And by the way, everything in life is writable about if you have the outgoing guts to do it, and the imagination to improvise. The worst enemy to creativity is self-doubt.

Filed under: reporting, work, writing,

notes from my messy desk

  • a reporter is only as good as her sources. put another way, a reporter’s life is about staying connected to the world she’s covering. put another way, a reporter’s life is all about the relationships she has with the people who keep her connected to what’s happening on the ground, what’s happening behind closed doors, what’s being whispered and ranted about.
  • i will always, now, on a weekday, strive to return a phone call within an hour of getting it. i know what it’s like to be on deadline. i get it now! i know what it’s like to call people and leave a dozen messages, and wait and wait while i try to get someone on the phone. i know what it’s like to have my work depend on other people’s getting back to me. stress is what it feels like. the article doesn’t move till i get someone on the phone to explain things to me, or it doesn’t move till i get a quote from someone. i get it, i get it.
  • today i had an entire morning where it felt like i was being punished for all the times i put off returning people’s calls. and lord, did it hurt. it threw me into an awful nasty cranky funk, stomping around the office, questioning my job security, considering another career. and then lo! someone returned my call, we had a hasty but SO NECESSARY conversation–there is so much knowledge in the world, and every day i get glimpses of how much there is to learn–and then ah. the world, ever so slowly, righted itself.
  • i am no good without: a keyboard, attached to a computer, to type while people talk. my notebook. my land line at work and my head set, so i do not have to give myself a kink in my neck while i jabber on the phone with people. my cell phone, which i am glued to these days. a pen. a pen. always. always carry a pen.

more, soon.

Filed under: journalism, work

i would call myself a reluctant reporter.

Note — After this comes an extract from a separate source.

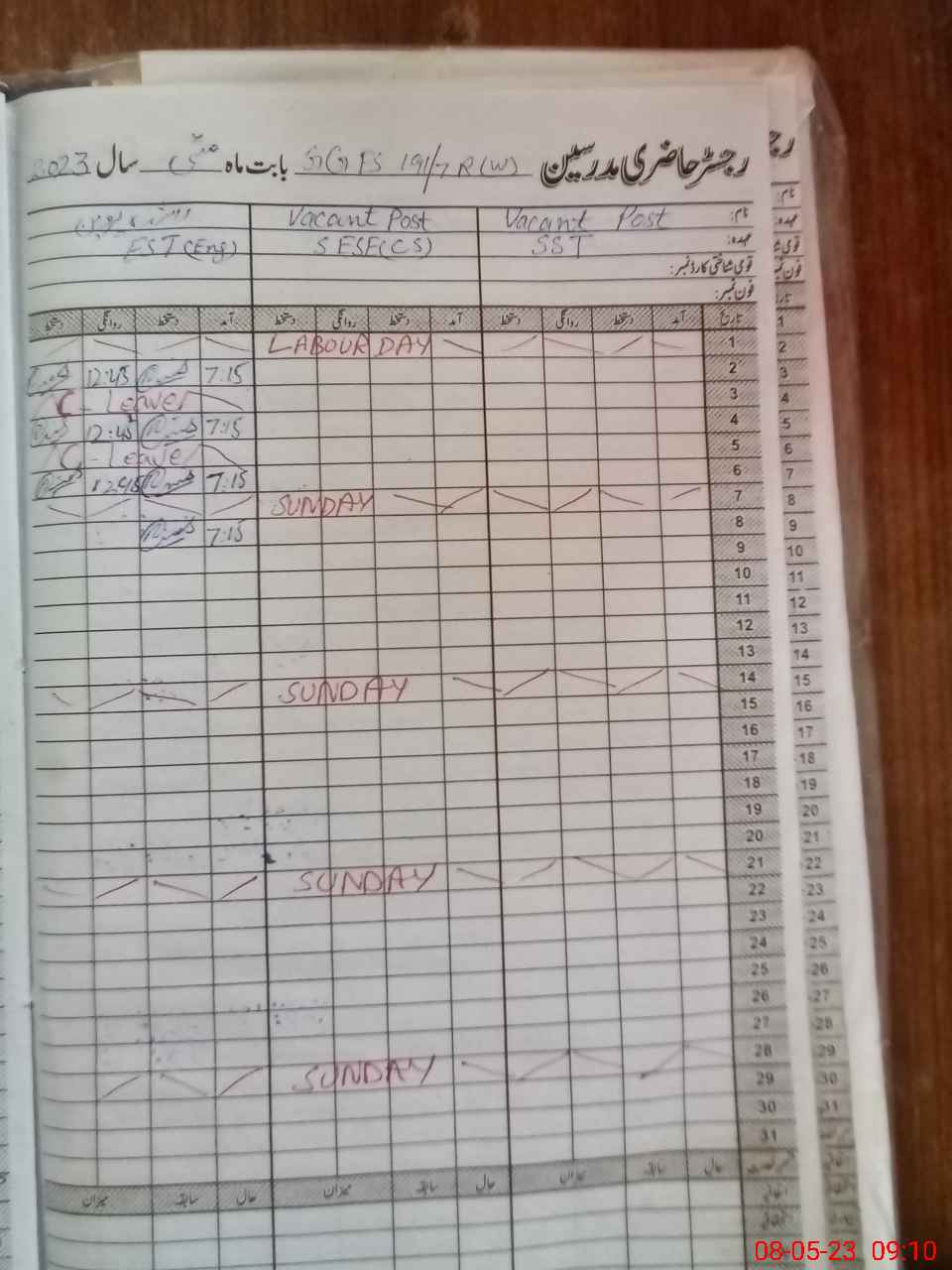 | CNIC | Full Name | Designation | R/C | Absence During Last Calender Month |

i’ve been with my employer for almost three years now and had several job titles and many responsibilities. in my latest incarnation–we’re talking about constant change and upheaval at this job–i have become a staff reporter at the magazine, which is becoming more policy oriented and DC-focused.

i thought i would hate it. i was very resistant at first. i said: oh, that DC stuff, that is very far away from me. that is another world, that is not of any interest to me, it is so insular, it is so inaccessible.

i think i still instinctively pull back whenever i see multisyllabic policy-related words hanging around in the headlines of the day while i skim newspaper websites. it all seems so soulless, standards and regulation and administrations and institutions and allocations.

but there’s not much time for questioning my duties or the editorial focus, it is time to learn to become a daily reporter now! it means teaching myself the do’s and dont’s and falling flat on my face in front of a couple thousand readers every day, mimicking the organization and structure of the news that’s already out there. faking it.

my day starts when i receive my morning assignments from my editor. he gives me little direction about who to pursue, he will maybe include a link, but no more, and send me on my way to go chase after the story as it’s developing. my practice now is to do as much background research as i can before i pick up the phone and call folks to schedule interviews.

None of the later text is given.